Barnett comes more from the traditional American school privileging seapower, best known from the work of A T Mahan. Mahan thought (and Teddy Roosevelt agreed) that a powerful US navy was a the shield of the nation against the chaos of Eurasia. There is no need to get into long wars about the heartland; off-shore balancing is possible. The long US naval tradition is why the heartland school was never as dominant in the US as in Eurasia. Even though the US invented the nuke and has fought a land war in Asia for a decade now, the US is still firstly a naval power. I also think Barnett’s map reflects the American infatuation with technology and capitalism. Mackinder’s image is very traditional or realist: big states with big industries build big armies to conquer big spaces. This is a recipe every land strategist from Sun Tzu to Clausewitz could love. Barnett goes around all that to re-write geopolitics politically not militarily. In post-industrial economies, the control of land isn’t so important anymore (people’s brains are a lot more important than their manual labor in the fields of Ukraine). The critical divide is then between those states that function and those that do not. The functioning ones join globalization, get rich in the process, and then can use their wealth to set the rules. The nonfunctioning ones can’t grasp the benefits of globalization, generate all sorts of asymmetric problems, and are therefore the locus of military conflict. Policing failing states as spaces is more important the conquest of strategic territory. In Barnett’s world, Iraq, Somalia, Afghanistan, etc. are the threats of the future; in Mackinder’s China should start bullying central Asia and maybe Russia soon.

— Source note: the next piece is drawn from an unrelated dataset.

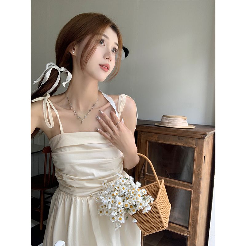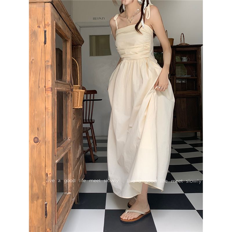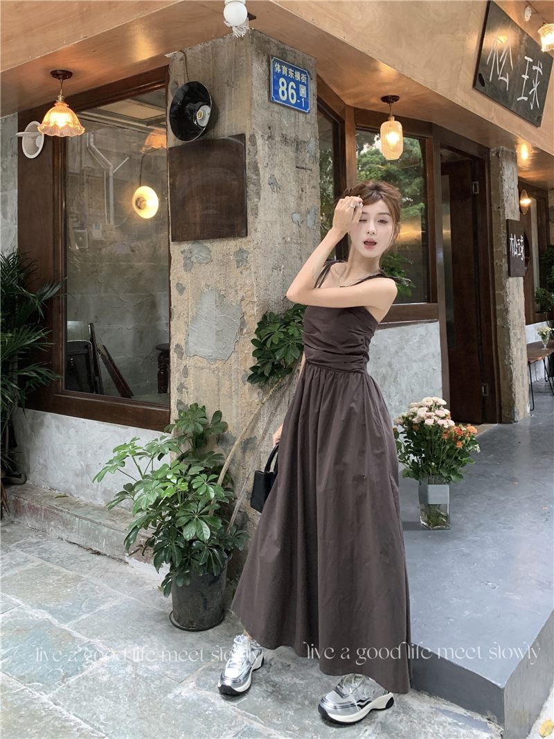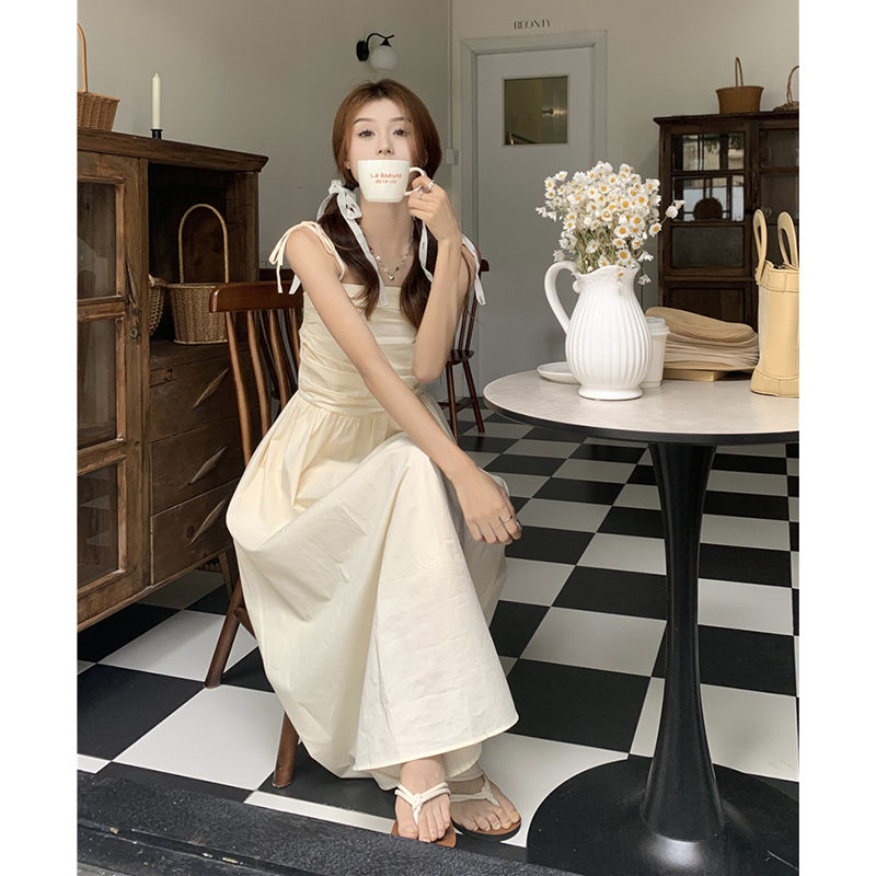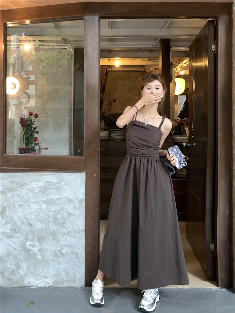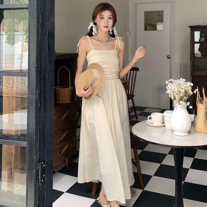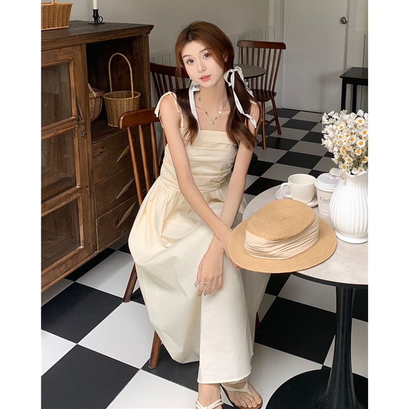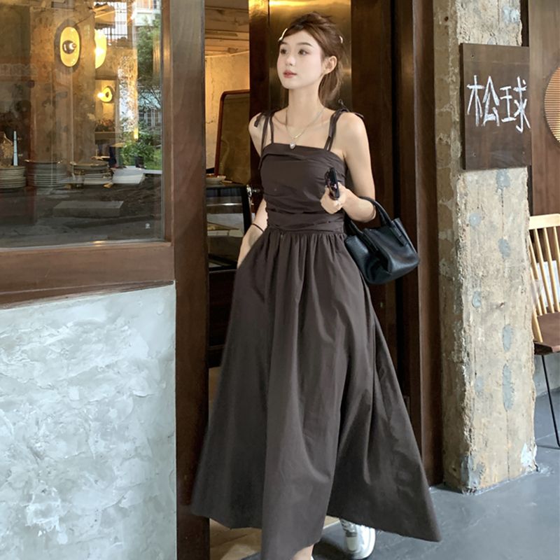 ヘビロテ キャミワンピース 韓国ファッション サスペンダードレス女性夏の気質ウエストAラインロングスカート キャミワンピ

Has Barnett’s vision of Eurasia divided into functioning and failed states replaced Mackinder’s land-power realism? It seems to me that this is a good test of whether or not globalization is really changing a lot. If China and Russia become status quo powers, then yes.  Then the only big issues will be integrating the periphery and rogues into the world economy. In this environment, salafism and other ‘remnants of war’ becomes the biggest challenger (headache really) to the US. But Russia, and especially China, pursue major changes in the land order in Asia, then score one for the realists. And America’s decision to base in Australia now too says Obama is leaning against Barnett-Mahan offshore balancing, toward forward deterrence of Asia domination.

I would add to other factors to this macro-musing:

1. A strong test of these competing maps is Chinese and Russian behavior if US power weakens. Radical Islamists, driven by the fear of God, will assault the West regardless of the chances of victory. So in that sense, Barnett will always be correct. But Russia and China are more rational. If US unipolarity holds, they are not likely to challenge the US, so then we’ll never know if the Russians and Chinese have changed because of globalization or were just deterred. But if the US declines, if military power genuinely disperses, and multipolarity emerges, then look for a challenge. As Beinart notes, “Offshore balancing, by contrast, reemerges when the money and bravado have run out.”

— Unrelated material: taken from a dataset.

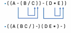 - 각 계산뭉치를 묶고 있는 괄호 안에서 연산자를 계산뭉치의 가장 오른쪽으로 이동시킴
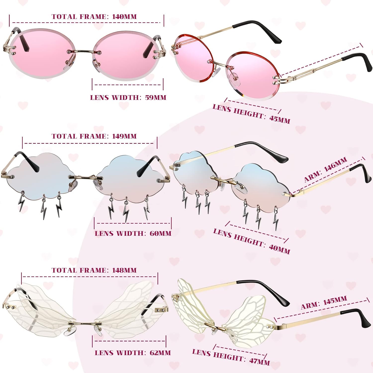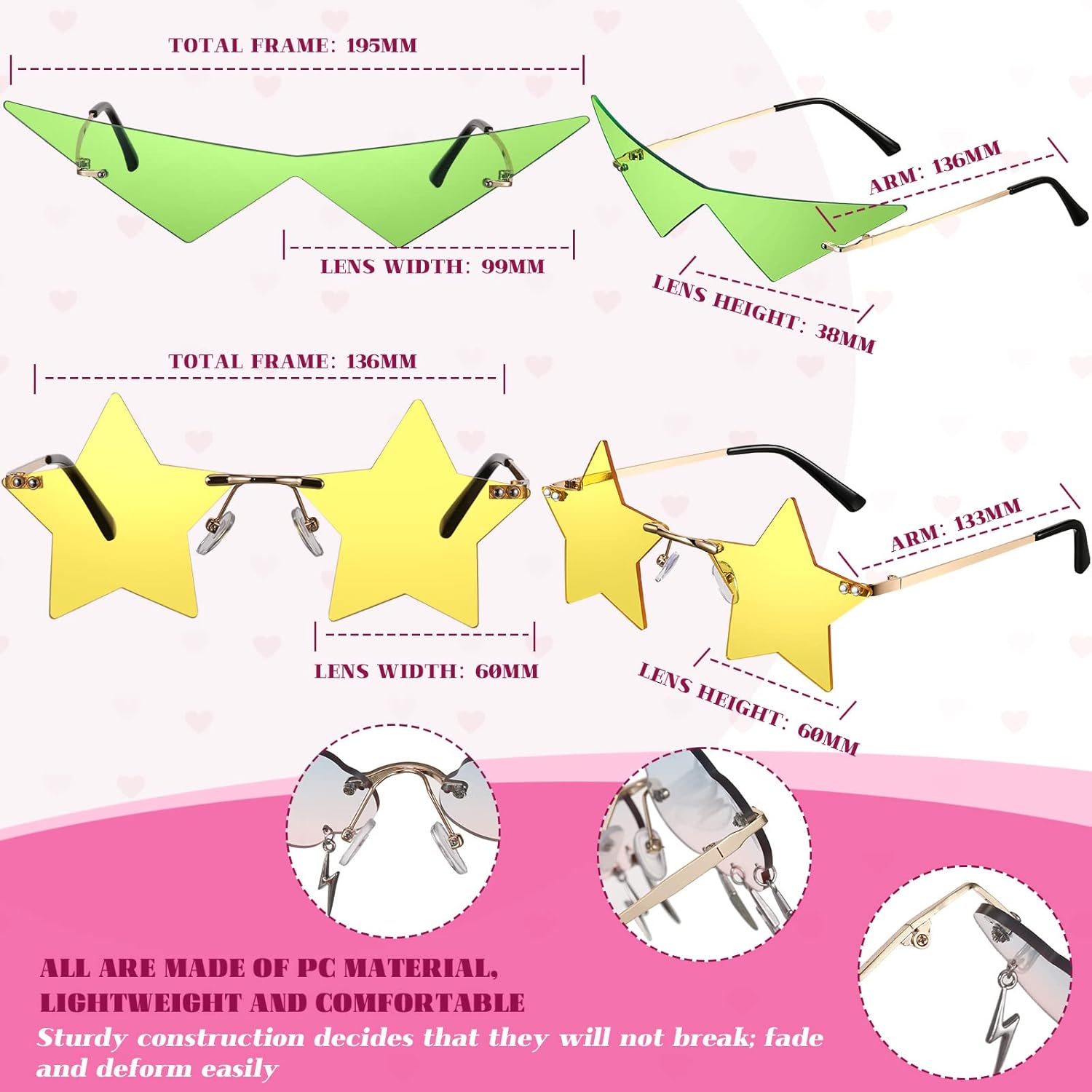 8 Pcs Irregular Sunglasses Set Heart Sunglasses Flame Cloud Butterfly Star Rimless Shape Party Favors (Stylish Style)

2. Global warming will raise the importance of the Heartland. In 1943, Mackinder noted the importance of the river basins in the Heartland. Fortunately for the West, those that flowed into the Arctic were blocked mostly be ice. Russian/Soviet naval power was forced to the fringes – Vladivostok, Leningrad, Odessa. If the Arctic truly meets permanently, perennial land power Russia will immediately become a sea power too. This would be an unprecedented shift, as geographic obstacles like the Arctic ice pack have generally been understood to be permanent, immovable features of geopolitics.